## Imports

In [1]:
import pyspark  # Spark
from pyspark.ml.feature import VectorAssembler  # Combine features
from pyspark.ml.classification import DecisionTreeClassifier  # Classify

## Data sourcing

In [2]:
# Create/Open a session

spark = pyspark.sql.SparkSession.builder.master('local[*]').appName('customer_churn').getOrCreate()

In [3]:
# Load in the data

df = spark.read.csv('agency_churn.csv', 
                     header = True, inferSchema = True)

In [4]:
# Check the type

type(df)

pyspark.sql.dataframe.DataFrame

## Exploration

In [5]:
# Number of rows & columns

df.count(), len(df.columns)

(900, 9)

In [6]:
# Dtypes

df.dtypes

[('Names', 'string'),
 ('Age', 'int'),
 ('Total_Purchase', 'double'),
 ('Account_Manager', 'int'),
 ('Years', 'double'),
 ('Onboard_date', 'string'),
 ('Location', 'string'),
 ('Company', 'string'),
 ('Churn', 'int')]

In [7]:
# View the data

df.show(3)

+----------------+---+--------------+---------------+-----+------------------+--------------------+--------------------+-----+
|           Names|Age|Total_Purchase|Account_Manager|Years|      Onboard_date|            Location|             Company|Churn|
+----------------+---+--------------+---------------+-----+------------------+--------------------+--------------------+-----+
|Cameron Williams| 42|       11066.8|              0| 7.22|2013-08-30 7:00:40|10265 Elizabeth M...|          Harvey LLC|    1|
|   Kevin Mueller| 41|      11916.22|              0|  6.5|2013-08-13 0:38:46|6157 Frank Garden...|          Wilson PLC|    1|
|     Eric Lozano| 38|      12884.75|              0| 6.67|2016-06-29 6:20:07|1331 Keith Court ...|Miller, Johnson a...|    1|
+----------------+---+--------------+---------------+-----+------------------+--------------------+--------------------+-----+
only showing top 3 rows



In [8]:
# Select  subset of columns

df.select("Names", "Age", "Years").show(5)

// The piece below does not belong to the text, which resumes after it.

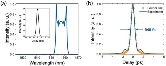 We then increased the DCF length to 15 m, consequently increasing the cavity GDD to +1.83 ps2, its length to ≈20 m, and reducing the repetition rate to 5.33 MHz for the single pulse mode-locked operations. Stable mode-locking regimes were achievable with the same tuning methods as in the previous stage and Figure 5 shows the typical output pulse characteristics of such regimes. An average optical power of 204 mW was measured from the laser output, corresponding to 38 nJ of pulse energy. The pulse duration was 14.5 ps, and could be compressed to 1 ps with the same de-chirping mechanism. The de-chirped pulse’s AC is shown in Figure 5b, together with the Fourier limit calculated from the measured spectrum (shown in Figure 5a), from which it can be concluded that the pulse was de-chirped to 1.2 times its Fourier limit at best. This configuration brought a higher pulse energy and a shorter pulse duration, but with decreased pulse quality, as the pulse could not be de-chirped completely. This was attributed to excessive nonlinear phase in the pulse indicating that the linear stretching effect of dispersion was not enough to compensate for the nonlinearity introduced by high peak powers. The results of configurations with longer DCF lengths in the cavity confirming this method could not be extended to achieve a much better energy scaling.

+----------------+---+-----+
|           Names|Age|Years|
+----------------+---+-----+
|Cameron Williams| 42| 7.22|
|   Kevin Mueller| 41|  6.5|
|     Eric Lozano| 38| 6.67|
|   Phillip White| 42| 6.71|
|  Cynthia Norton| 37| 5.56|
+----------------+---+-----+
only showing top 5 rows



In [9]:
# Summary stats

df.select("Names", "Age", "Years").describe().show()

+-------+-------------+-----------------+-----------------+
|summary|        Names|              Age|            Years|
+-------+-------------+-----------------+-----------------+
|  count|          900|              898|              900|
|   mean|         null|41.81069042316258| 5.27315555555555|
| stddev|         null| 6.13303075073418|1.274449013194616|
|    min|   Aaron King|               22|              1.0|
|    max|Zachary Walsh|               65|             9.15|
+-------+-------------+-----------------+-----------------+



In [10]:
# Unique values in a column

df.select('Churn').distinct().show()

+-----+
|Churn|
+-----+
|    1|
|    0|
+-----+



In [11]:
# Group by

df.groupBy('Account_Manager').mean().select("Account_Manager", "avg(Age)").show()

+---------------+------------------+
|Account_Manager|          avg(Age)|
+---------------+------------------+
|           null|              30.0|
|              1| 41.73720930232558|
|              0|41.903640256959314|
+---------------+------------------+



## It's secretly all SQL

In [12]:
# Register the whole table (irritating temporary step)

df.createOrReplaceTempView("churn_table")

# Query it with SQL

spark.sql("SELECT Names, Age, Total_Purchase FROM churn_table LIMIT 4").show()

+----------------+---+--------------+
|           Names|Age|Total_Purchase|
+----------------+---+--------------+
|Cameron Williams| 42|       11066.8|
|   Kevin Mueller| 41|      11916.22|
|     Eric Lozano| 38|      12884.75|
|   Phillip White| 42|       8010.76|
+----------------+---+--------------+



## Cleaning

In [13]:
# Filter

df.filter(df['Age'] > 40).count()

522

In [14]:
# Find nulls in a specific column

df.filter(df["Age"].isNull()).count()

2

In [15]:
# Remove nulls

df = df.dropna(how = 'any', subset= None)

In [16]:
# Create column

df = df.withColumn(colName= 'Incorrect_Age', col= df['Age'] -7)

In [17]:
# Drop column

df = df.drop("Incorrect_Age")

## Classification

### Feature selection

In [18]:
# Select just the numeric columns as predictors

predictors = ['Age', 'Total_Purchase', 'Account_Manager', 'Years']

In [19]:
# For Spark, each row needs to be a vector

# Get a vectoriser

vectoriser = VectorAssembler(inputCols = predictors, outputCol = 'Features')

# Vectorise the dataframe, combining all the predictors into a new column

cl_data = vectoriser.transform(df)

In [20]:
# View the predictors and target

cl_data.select('Churn', 'Features').show(5)

+-----+--------------------+
|Churn|            Features|
+-----+--------------------+
|    1|[42.0,11066.8,0.0...|
|    1|[41.0,11916.22,0....|
|    1|[38.0,12884.75,0....|
|    1|[42.0,8010.76,0.0...|
|    1|[37.0,9191.58,0.0...|
+-----+--------------------+
only showing top 5 rows



## Split the data

In [21]:
# Simplify the data

cl_data = cl_data.select("Churn", "Features")

In [22]:
# Split off train and test

train, test = cl_data.randomSplit([0.7, 0.3], seed=451)

## Build a classifier

Not a *good* classifier, just an example one.

In [23]:
# Create the classifier

tree = DecisionTreeClassifier(featuresCol="Features", labelCol = 'Churn')

In [24]:
# Fit it

fitted_tree = tree.fit(train)

In [25]:
# Make predictions

pred = fitted_tree.transform(test)

In [26]:
# Hackily evaluate it; how many did we get wrong?

pred.count() - pred.filter(pred["Churn"] == pred["prediction"]).count()

57